I used a “quick’ cooking dried pasta from Ronzoni … they have long thin elbows that cook in 3 minutes… it worked perfectly with this soup.

This soup recipe makes about 8 servings.. there really isn’t a good way to cut it back… since you are using full cans of beans… unless you use a half can of each type of beans.. and save the remaining beans for another use.

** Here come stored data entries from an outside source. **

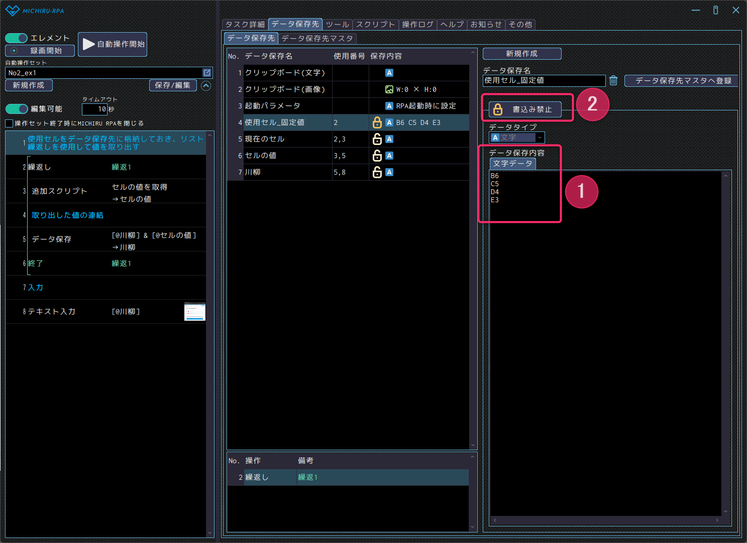 あらかじめ、使用するセルの値をデータ保存先に格納しておきます。なお、データ保存先を「書き込み禁止」に設定しておくことで、誤操作による内容の書き換えを防止できます(任意)。
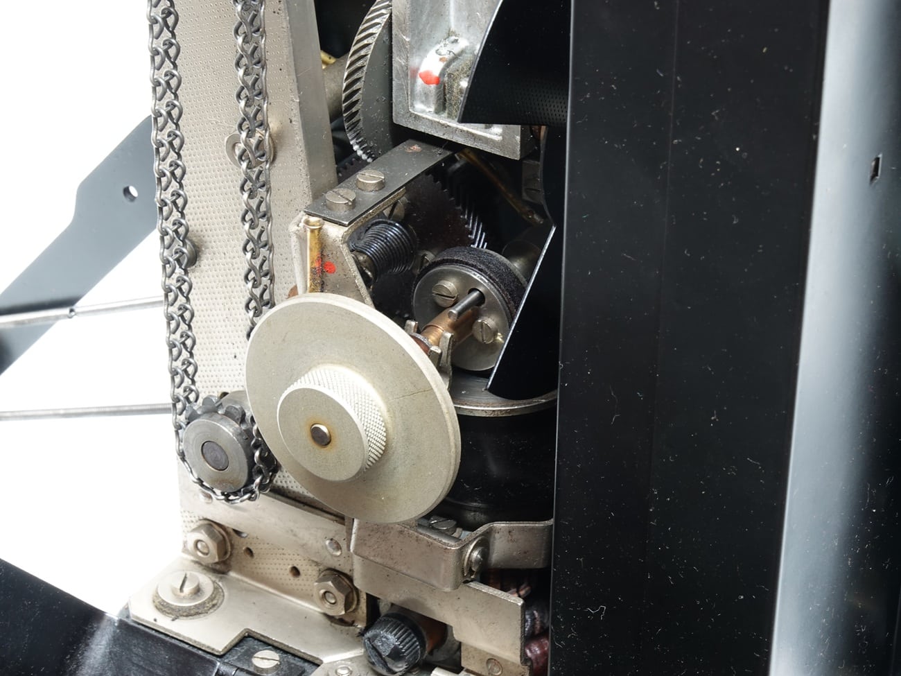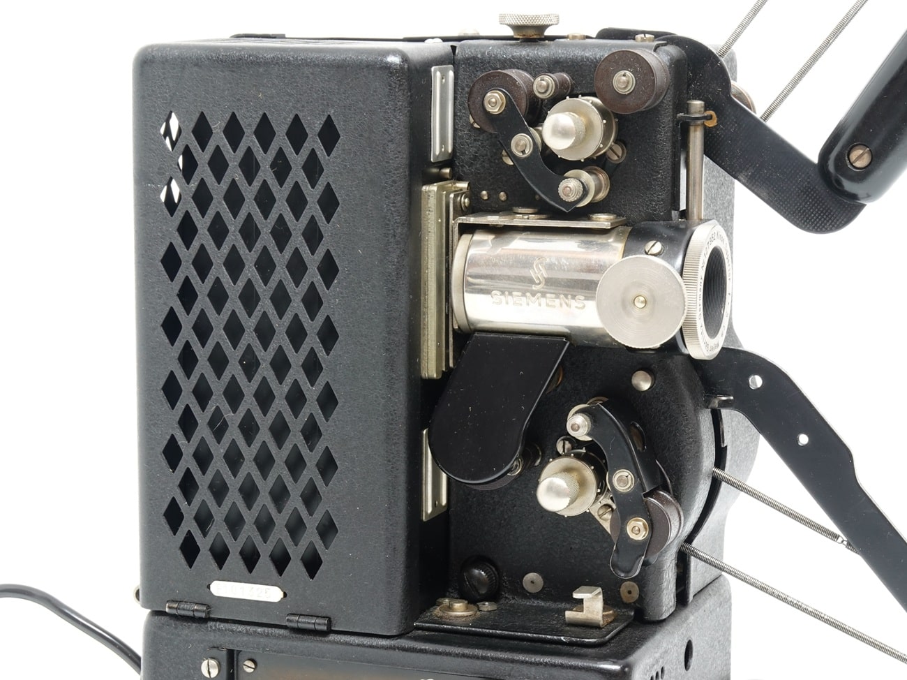 Stabiler 16-mm-Filmprojektor von Siemens, 1930er Jahre, schwarzes Stahlblechgehäuse mit Lüftungslöchern in Rautenform. Objektiv: Meyer Görlitz Kinon Superior 5 cm, Seriennummer 127952. Filmtransport und Rückwärtsprojektion/Rückspulung elektrisch. Standbild. Stufenlose Geschwindigkeitsregulierung. Helligkeit regelbar. Netzspannung: 220 Volt. Beleuchtung: 50 Volt/200 Watt, Kühlgebläse, Amperemeter. Für 120-Meter-Spulen mit Zubehörteilen können 240-Meter-Spulen genutzt werden. In verschiedenen Versionen gebaut von 1933 bis 1950.
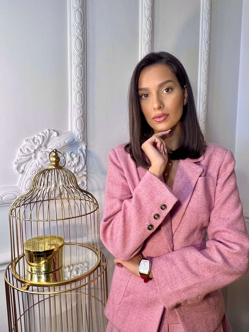 The Blush Suit brings a fresh and elegant breath of fresh air to your wardrobe, thanks to its delicate pastel pink hue and reinterpreted classic cut. Ideal for women who love femininity with a contemporary touch.
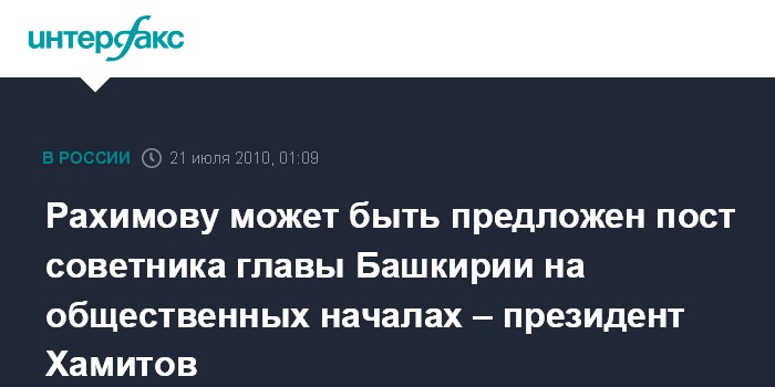 Уфа. 21 июля. ИНТЕРФАКС-ПОВОЛЖЬЕ - Новый президент Башкирии Рустэм Хамитов заявил, что намерен в качестве возможного варианта предложить своему предшественнику на этом посту Муртазе Рахимову стать советником главы республики на общественных началах.
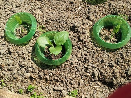 Puutarhan kasvit eivät kukit ja tuota, jos niihin iskevät etanat. Muoviset kaulukset tiputtavat etanat kyydistä.
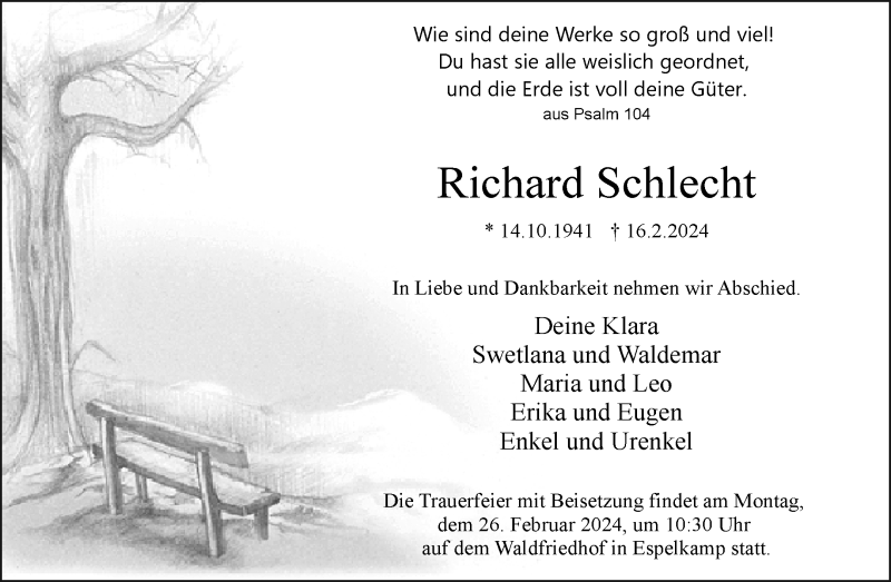 Hier finden Sie alle Traueranzeigen aus der Zeitung, die bisher für Richard Schlecht erschienen sind. Weitere Traueranzeigen, die in der Zeitung erscheinen, werden hier ebenfalls aufgelistet
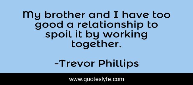 This page presents the quote "My brother and I have too good a relationship to spoil it by working together.". Author of this quote is Trevor Phillips. This quote is about working together, good,.
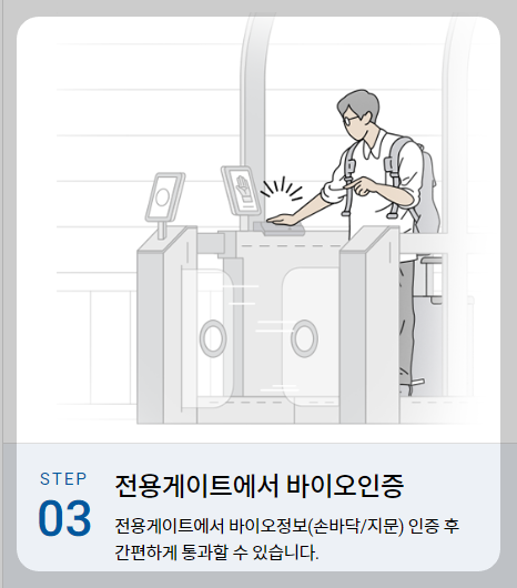 생체 인식 시스템을 통해 신원을 확인하기 때문에, 별도의 신분증이나 탑승권을 제시할 필요가 없습니다. 이는 여행 중 불편함을 최소화하는 데 기여합니다.
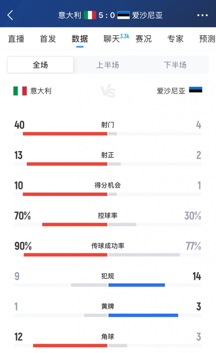 紧迫方面,意大利射门数40-4,射正数13-2,得分契机意大利达到10次。控球方面,意大利达到70%。
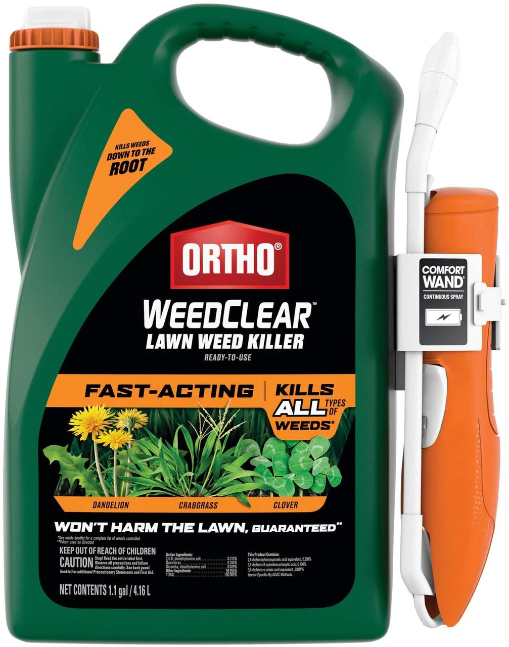 Ortho WeedClear Lawn Weed Killer Ready to Use – with Comfort Wand, Weed Killer for Lawns, Crabgrass Killer, Also Kills Chickweed, Dandelion, Clover & More, Fast Acting Weed Killer Spray, 1.1 gal.
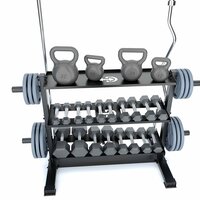 Стойка с тремя полками позволяет хранить гантели любого размера (от 0.5кг до 50кг). Размер одной полки - длинна\ширина 100х30 сантиметров. За счет толщины листового металла 3 миллиметра +ребра жесткости по краям, каждая полка способна выдержать нагрузку до 150 килограмм. Помимо гантелей, на верхнем ярусе вы можете расположить гири.

I used red wine… a Cabernet Sauvignon .. this is an optional ingredient.. but in my opinion adds a lot to the soup.. it gives it a full bodied flavor…

Hearty and Healthy!

Recipe: Minestrone

All you need:

2 tablespoons olive oil
1 medium onion, finely chopped
2 large garlic cloves, finely chopped
2 small zucchini, peeled and chopped
1 cup cut green beans
1 cup baby carrots, sliced
5 cups beef broth
2 cans (14.5 oz)Hunts Petite Cut Diced Tomatoes
1 can (15 oz) red kidney beans, drained and rinsed
1 can (15 oz) cannellini beans, drained and rinsed
2 cans (the Hunts Tomato can) water
1 ½ teaspoons dried oregano
1 teaspoon dried basil
½ teaspoon dried thyme
1 cup frozen spinach
½ cup red wine (optional)
2 cups dried pasta
Salt and pepper to taste
Grated Parmesan cheese (to serve with the soup)

All you need to do:

Heat the olive oil in a large stock pot over medium heat.

Add the onions, garlic, carrots and zucchini and cook, stirring frequently until onions are soft and translucent.

Add the beef broth, canned tomatoes, kidney beans, cannellini beans, water and spices. (Also add the green beans if using fresh green beans..if using frozen green beans add them later… see below)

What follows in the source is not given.